Rev. Megan Rohrer / Facebook

A woman pretending to be a man was installed by the Evangelical Lutheran Church in America as its bishop on Sept. 11 in San Francisco’s Grace Cathedral.

The church is one of the larger Christian denominations in the United States, with about 3.3 million members.

The Rev. Megan Rohrer will oversee nearly 200 congregations in Northern California and northern Nevada, reported NPR.

Rohrer was elected in May to a six-year term as bishop of the Sierra Pacific Synod after the body’s current bishop announced he would retire.

“I step into this role because a diverse community of Lutherans in Northern California and Nevada prayerfully and thoughtfully voted to do a historic thing,” Rohrer said in a statement. “My installation will celebrate all that is possible when we trust God to shepherd us forward.”

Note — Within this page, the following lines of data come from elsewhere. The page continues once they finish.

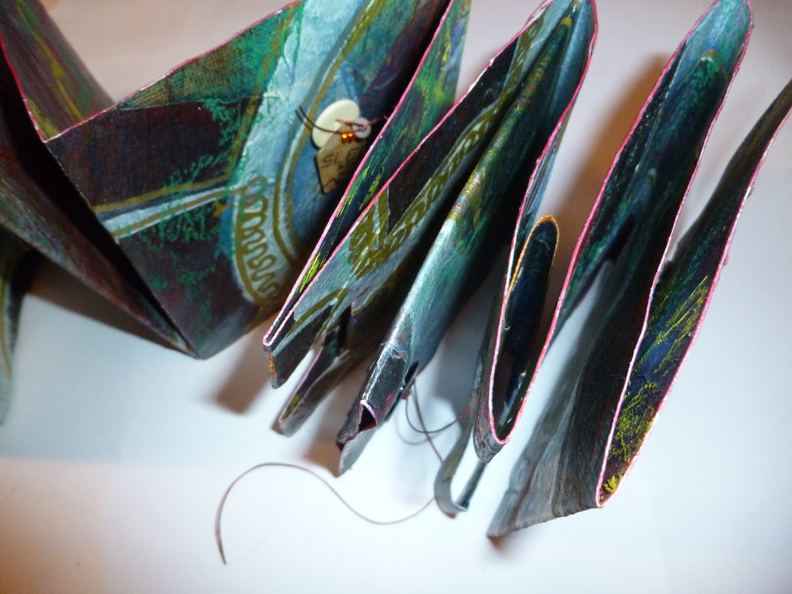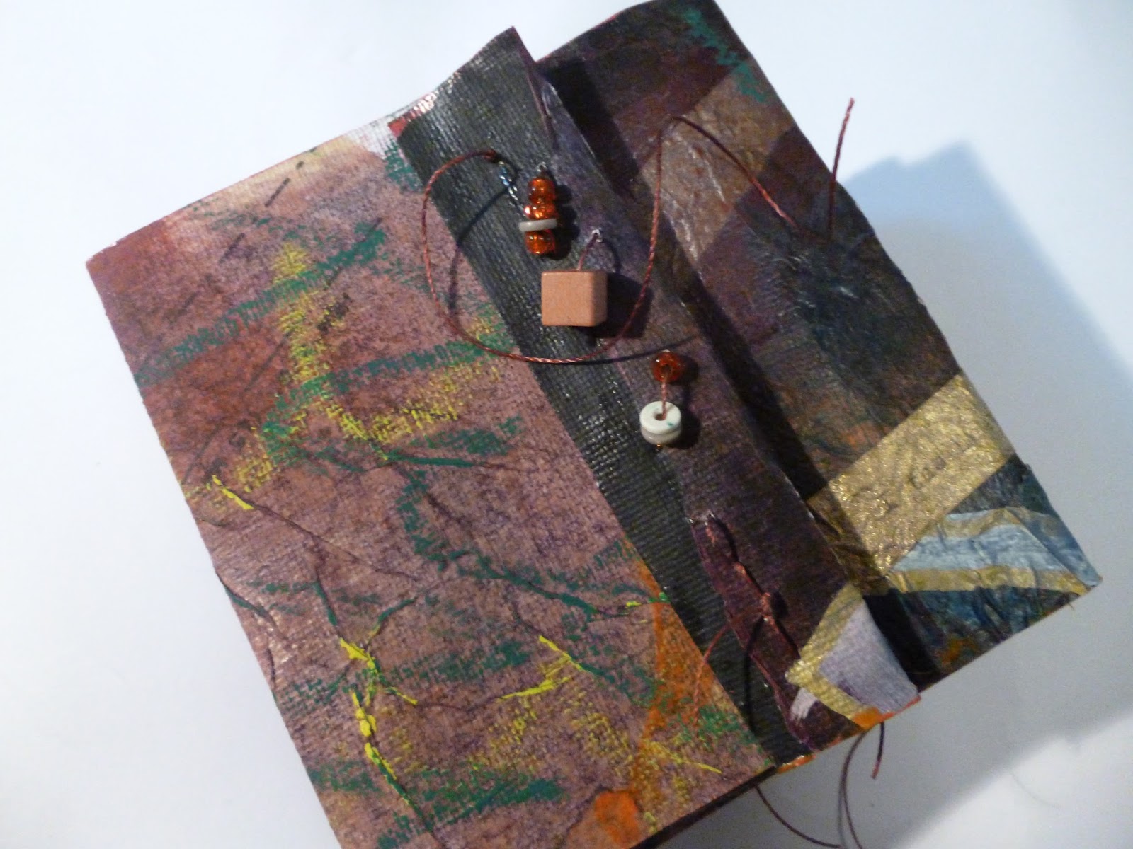 I used letraset sticker letters to put the W.B. Yeats poem The Cloths of Heaven. Also cut some windows in and added some beads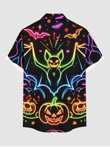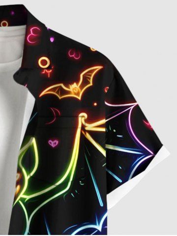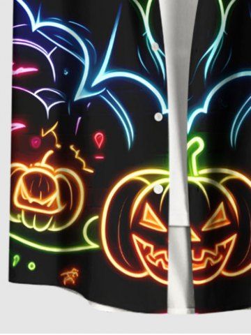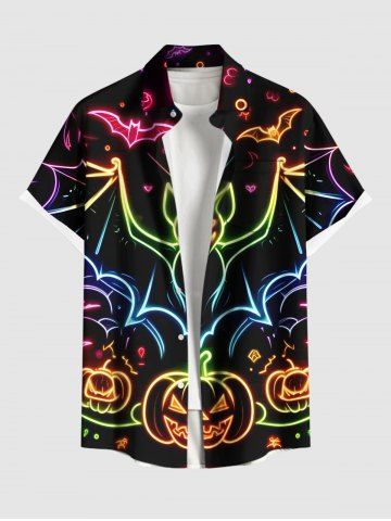 Plus Size Halloween Bat Pumpkin Moon Heart Print Buttons Pocket Shirt For Men - Black - L
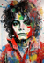 Dit schilderij toont een vrolijk portret van een man met kort krullend haar en serieuze uitdrukking. Het is geschilderd in een vrolijke stijl met rode, blauwe, groene en gele tinten.
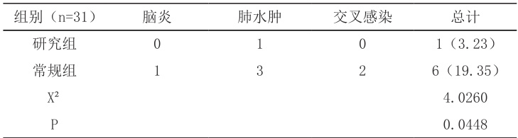 研究2.3 显示,并发症发生率在研究组低于常规组,P< 5。原因如下,优质护理会关注手足口病相关的症状,经体温护理能为患儿快速降温,防止体温过高 肌炎等问题 。生活中监督患儿用药、出入量等情况,合理饮水,能降低肺水肿风险。由于手足 而患儿免疫能力差,就诊时需重视自我消毒隔离处理,患儿个人物品需单独消毒存放,能避免个人用品混淆造成的感染,降低手足口病加重风险[9]。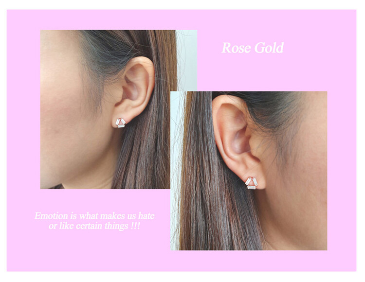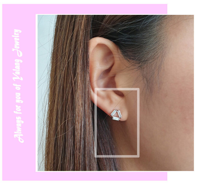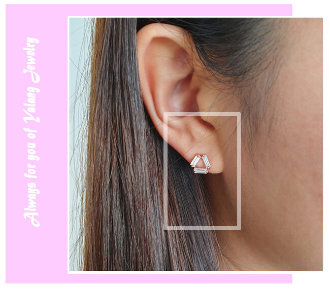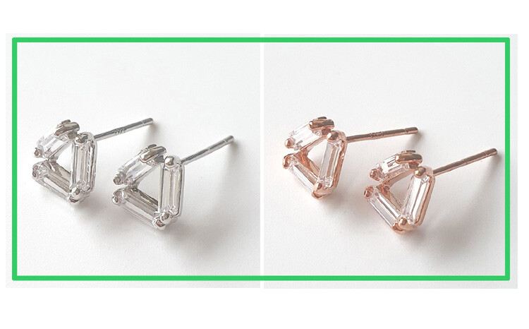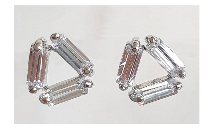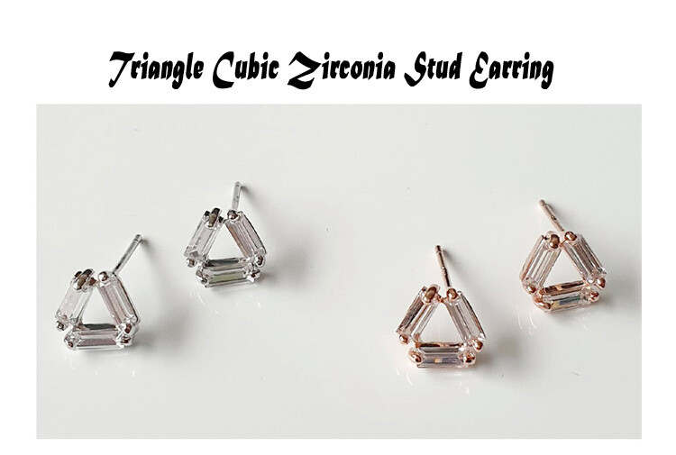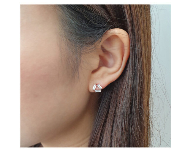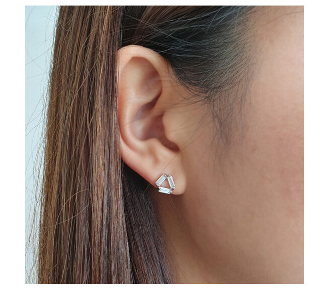 Triangle 직사각 큐빅 이어링 ( 은침 )

Rohrer, who refers to herself as “they,” previously served as pastor of Grace Lutheran Church in San Francisco. She was also a chaplain coordinator for the city’s police department and helped minister to the city’s homeless and LGTBQ community.

She studied religion at Augustana University in her hometown of Sioux Falls, S.D., before moving to California to pursue master and doctoral degrees at the Pacific School of Religion in Berkeley.

Rohrer is one of seven LGBTQ pastors anointed by the progressive Evangelical Lutheran church in 2010 after it allowed ordination of homosexuals. She is married and has two children.